§ **DIRECTIONS**
Leave out the pictures and repeat the data exactly.

____ COLLECTED DATA

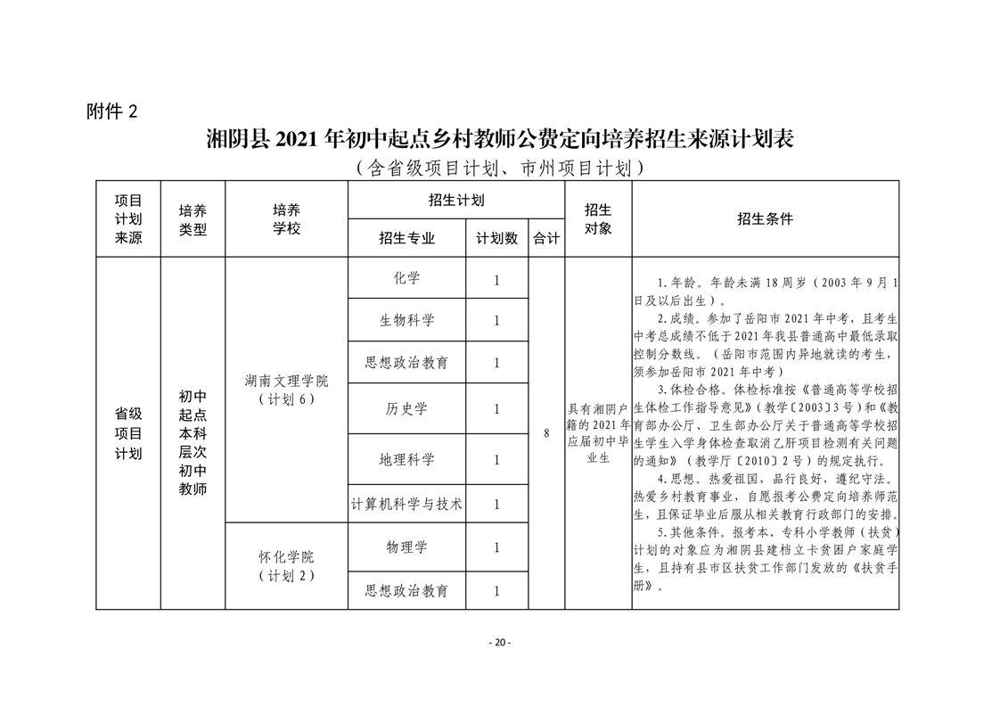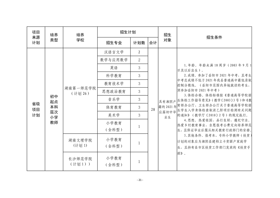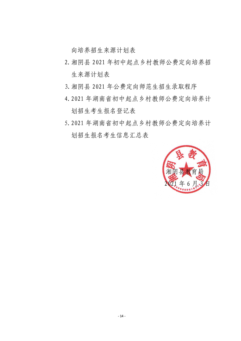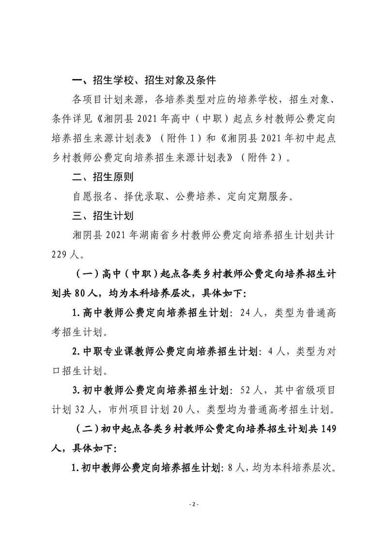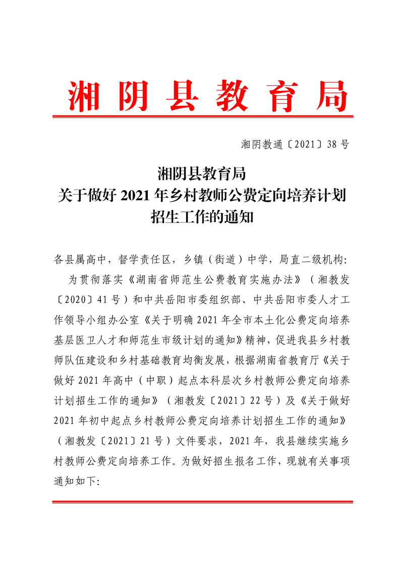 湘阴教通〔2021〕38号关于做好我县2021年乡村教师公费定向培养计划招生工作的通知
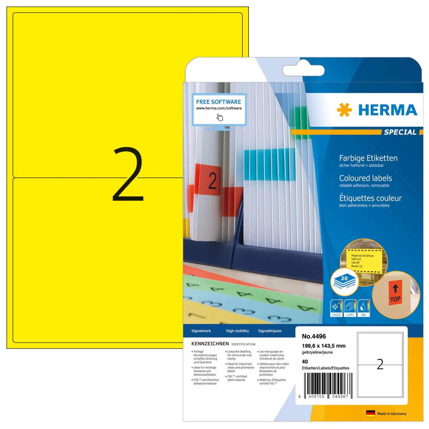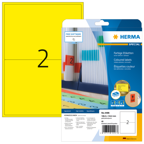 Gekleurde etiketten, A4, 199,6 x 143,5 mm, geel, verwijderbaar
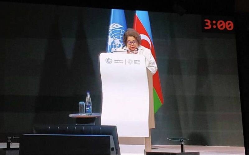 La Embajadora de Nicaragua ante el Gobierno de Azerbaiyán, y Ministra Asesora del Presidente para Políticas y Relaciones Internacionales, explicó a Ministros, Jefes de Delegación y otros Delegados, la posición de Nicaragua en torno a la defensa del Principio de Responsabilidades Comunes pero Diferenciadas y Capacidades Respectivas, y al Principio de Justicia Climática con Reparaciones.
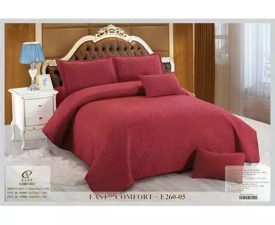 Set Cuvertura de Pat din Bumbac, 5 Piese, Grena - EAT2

________

§ **ANSWER TO THIS EXERCISE**
 湘阴教通〔2021〕38号关于做好我县2021年乡村教师公费定向培养计划招生工作的通知
 Gekleurde etiketten, A4, 199,6 x 143,5 mm, geel, verwijderbaar
 La Embajadora de Nicaragua ante el Gobierno de Azerbaiyán, y Ministra Asesora del Presidente para Políticas y Relaciones Internacionales, explicó a Ministros, Jefes de Delegación y otros Delegados, la posición de Nicaragua en torno a la defensa del Principio de Responsabilidades Comunes pero Diferenciadas y Capacidades Respectivas, y al Principio de Justicia Climática con Reparaciones.
 Set Cuvertura de Pat din Bumbac, 5 Piese, Grena - EAT2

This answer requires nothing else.